Botlio is an investment platform that lets users build a custom portfolio tailored to their investment priorities and around stocks they already own.
Current automated investing platforms use a method called Modern Portfolio Theory (MPT) first introduced in 1952 to construct user portfolios. The tools asks a user for her investment goal then find the minimum variance portfolio that meets the expected return target that would get the user to their goal in some specified time period. These methods have several key drawbacks:
- They assume that future returns and correlations will follow historical trends and don’t take into account additional risk factors that outperform the market over the long-run
- They do not take into account a user’s additional investment priorities such as: dividend yield, market beta and diversification
- They do not take into account a user’s current investment holdings
- They overutilize ETFs as investment vehicles
What it does
We have created a simple process that first asks a user to rank her investment priorities and any current holdings then automatically suggests additional stocks such that the overall portfolio best meets the user’s investment priorities. We visualize the portfolio’s attributes to make the results more understandable to users. Visualizations include: allocation chart, expected return, style exposures, industry exposures and market cap exposures. The user can then connect to an online brokerage from the site, we’re currently using TradeKing, and purchase the suggested additional stocks.
How we built it
The underlying algorithm is a genetic algorithm that iterates through millions of possible portfolios and selects the one that maximizes a fitness function uniquely created by the user’s investment priority rankings. We use Apache Spark to run the calculations in parallel and subsequently return the results in real-time.
Challenges we ran into
This was our first experience with Apache Spark, and figuring out how to link job creation to a real time webapp was a particularly difficult challenge. We eventually settled on using Google's Dataproc service with a Python Server interface that would interact with Spark and with our webapp. We also feel our code is not fully optimized for Spark as it could be. Again, this may have to do with learning more about Spark.

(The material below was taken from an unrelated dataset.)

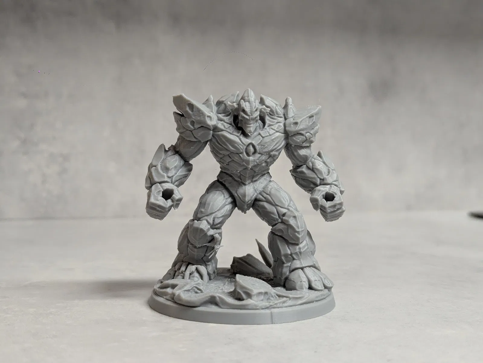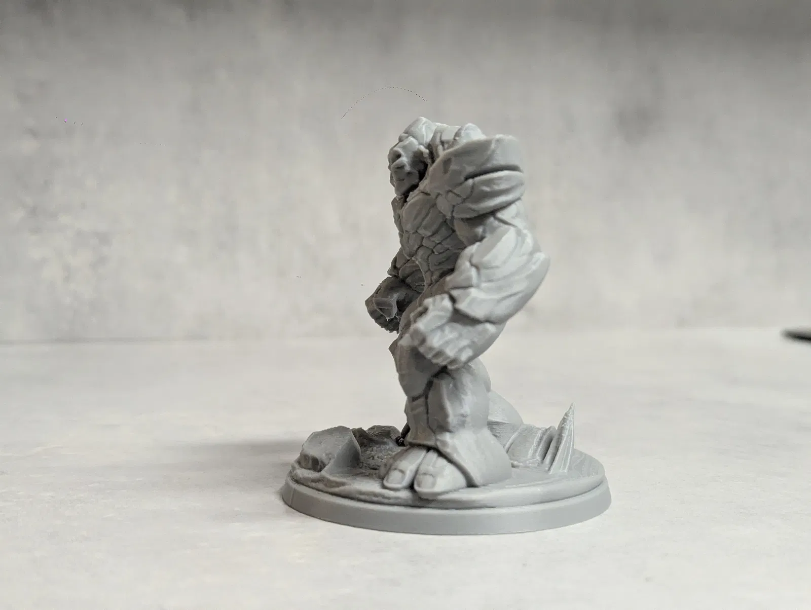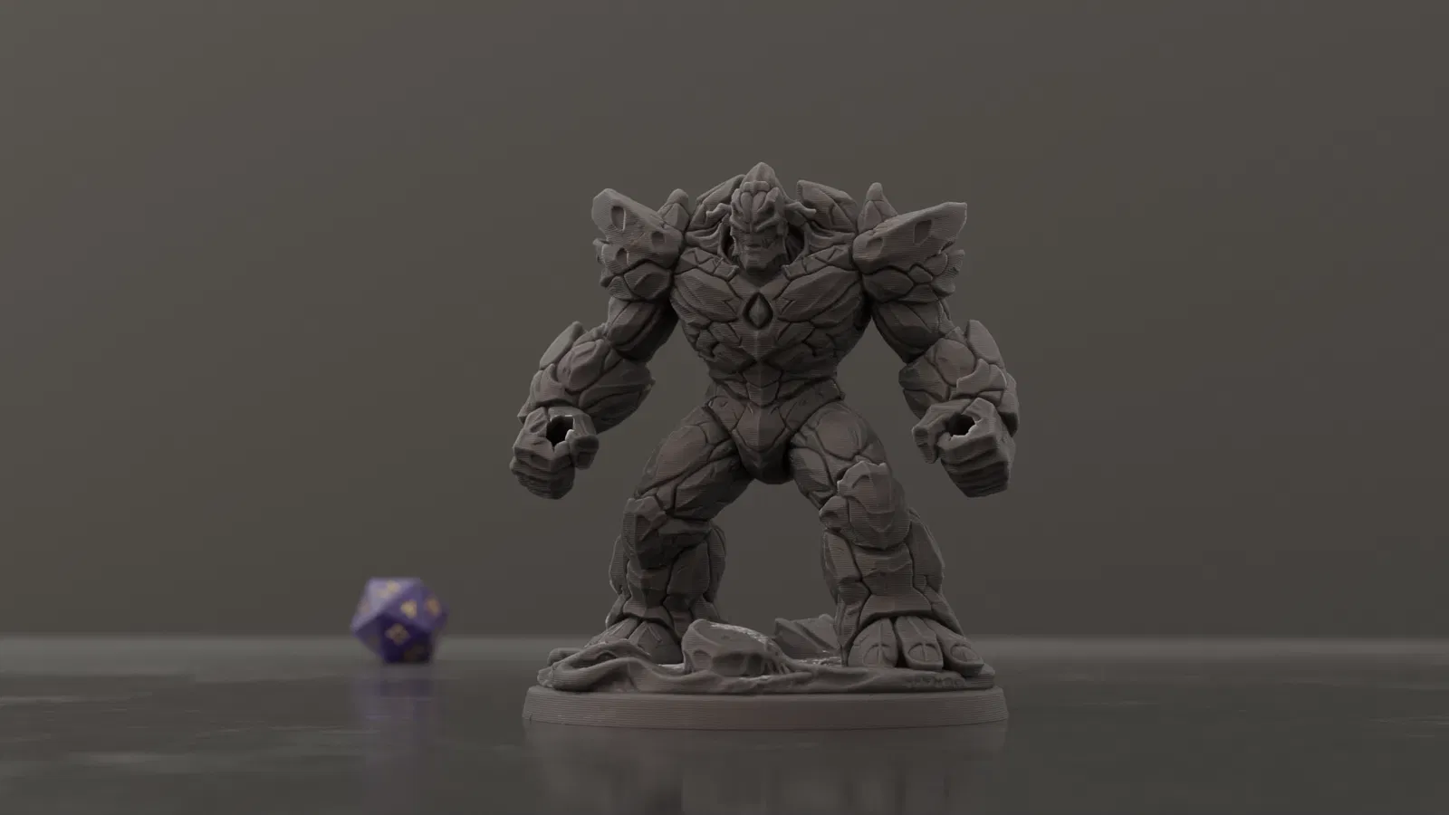 Một mô hình... thu nhỏ của Golem đá dành cho DnD, đi kèm với phần đế. Đây là một mẫu khá lớn, nên gọi là mô hình thu nhỏ có lẽ không hoàn toàn chính xác.

Accomplishments that we're proud of
We have a database of nearly 3,000 public companies, a genetic algorithm that is highly customizable and user-centered, and a web app that can present and share insights to help people make investment decisions even today.
What we learned
We learned we need to learn more.
What's next for Botlio
So much. Optimizing with Spark to make the algorithm more performant. Adding more investing information. Calculating new statistics using Spark through Monte Carlo simulations. We really think Botlio can be a user-centered investment helper, and we want to see it through.